» **PROBLEM REQUIREMENTS**:
Beginning with the line that holds "Realizamos um livro" and ending with the last line below, repeat each line exactly, leaving any pictures out.

PROVIDED MATERIAL: Begin

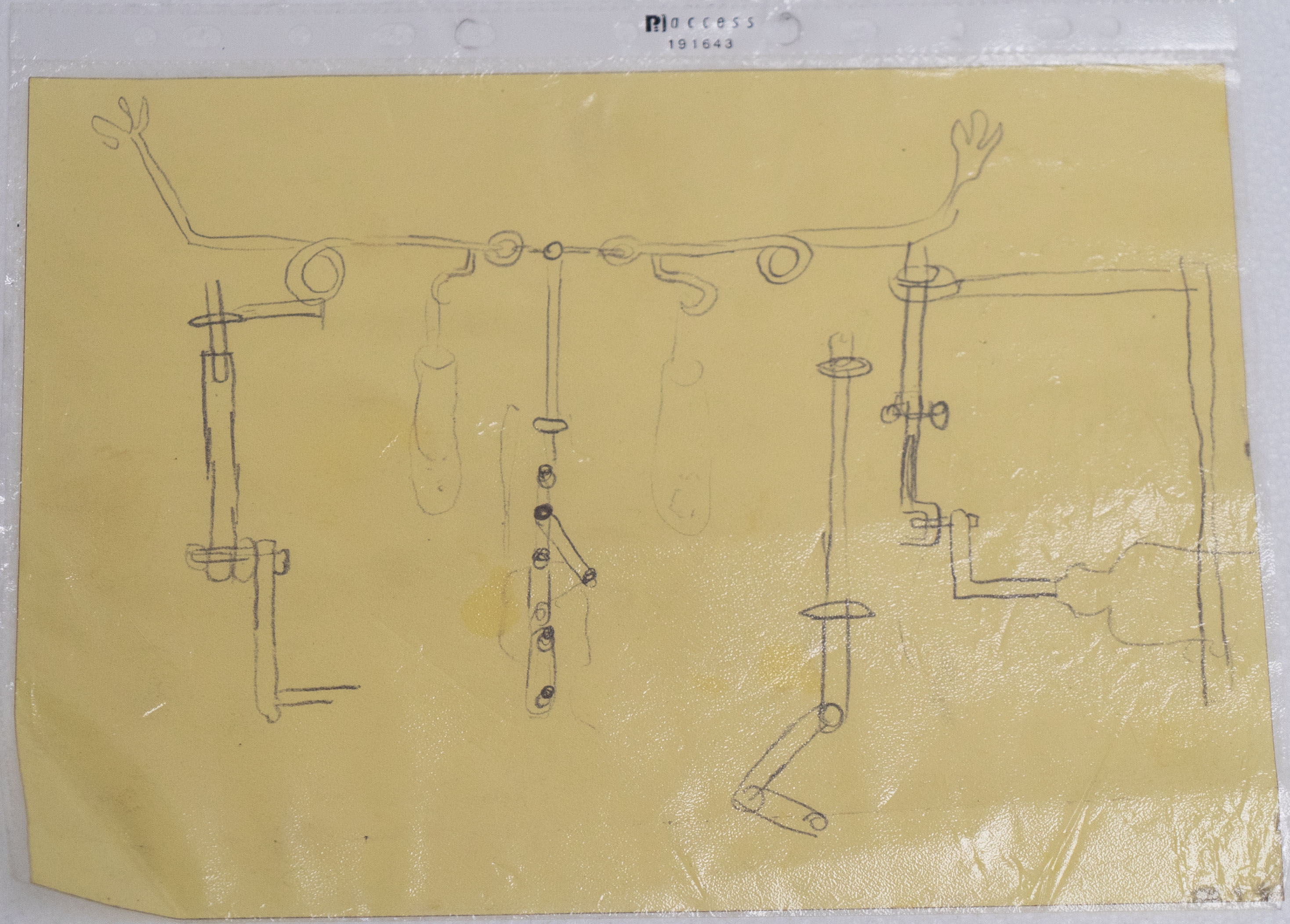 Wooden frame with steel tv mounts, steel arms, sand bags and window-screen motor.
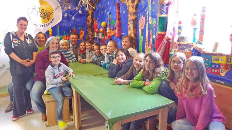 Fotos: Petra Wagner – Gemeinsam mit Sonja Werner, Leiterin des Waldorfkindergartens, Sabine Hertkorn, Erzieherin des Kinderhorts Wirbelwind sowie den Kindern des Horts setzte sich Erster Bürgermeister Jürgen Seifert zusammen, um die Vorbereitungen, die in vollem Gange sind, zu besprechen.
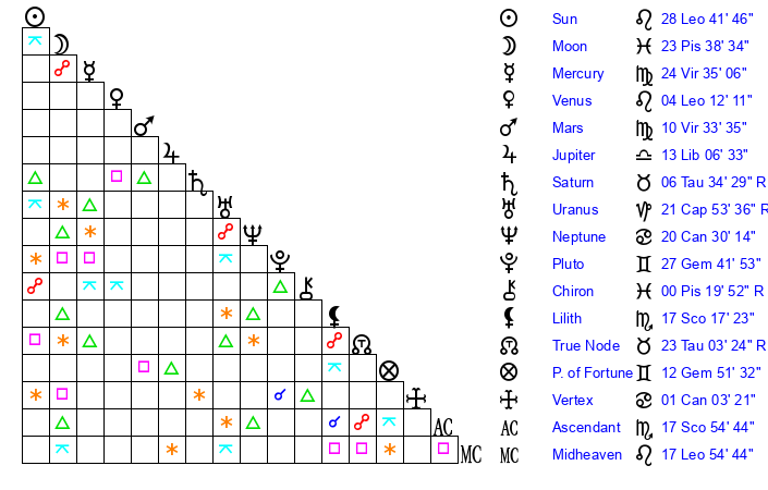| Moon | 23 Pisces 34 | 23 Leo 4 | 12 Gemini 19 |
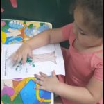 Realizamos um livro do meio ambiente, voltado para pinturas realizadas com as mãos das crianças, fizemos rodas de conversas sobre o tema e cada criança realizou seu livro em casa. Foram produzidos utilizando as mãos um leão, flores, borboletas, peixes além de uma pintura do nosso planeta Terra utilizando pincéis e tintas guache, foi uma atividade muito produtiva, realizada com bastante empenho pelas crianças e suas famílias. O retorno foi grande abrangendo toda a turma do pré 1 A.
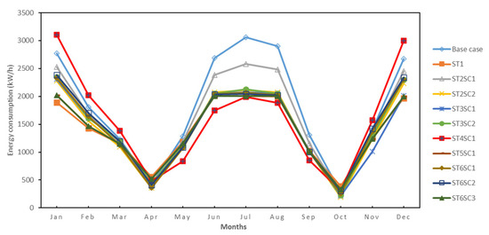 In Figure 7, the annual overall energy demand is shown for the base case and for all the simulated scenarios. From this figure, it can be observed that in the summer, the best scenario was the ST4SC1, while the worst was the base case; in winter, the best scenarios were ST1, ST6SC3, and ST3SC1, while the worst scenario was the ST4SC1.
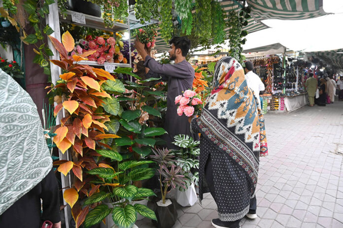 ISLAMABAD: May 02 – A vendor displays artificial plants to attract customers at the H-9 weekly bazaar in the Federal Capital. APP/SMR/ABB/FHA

PROVIDED MATERIAL: End

» **REPLY TO THE TASK**:
 Realizamos um livro do meio ambiente, voltado para pinturas realizadas com as mãos das crianças, fizemos rodas de conversas sobre o tema e cada criança realizou seu livro em casa. Foram produzidos utilizando as mãos um leão, flores, borboletas, peixes além de uma pintura do nosso planeta Terra utilizando pincéis e tintas guache, foi uma atividade muito produtiva, realizada com bastante empenho pelas crianças e suas famílias. O retorno foi grande abrangendo toda a turma do pré 1 A.
 In Figure 7, the annual overall energy demand is shown for the base case and for all the simulated scenarios. From this figure, it can be observed that in the summer, the best scenario was the ST4SC1, while the worst was the base case; in winter, the best scenarios were ST1, ST6SC3, and ST3SC1, while the worst scenario was the ST4SC1.
 ISLAMABAD: May 02 – A vendor displays artificial plants to attract customers at the H-9 weekly bazaar in the Federal Capital. APP/SMR/ABB/FHA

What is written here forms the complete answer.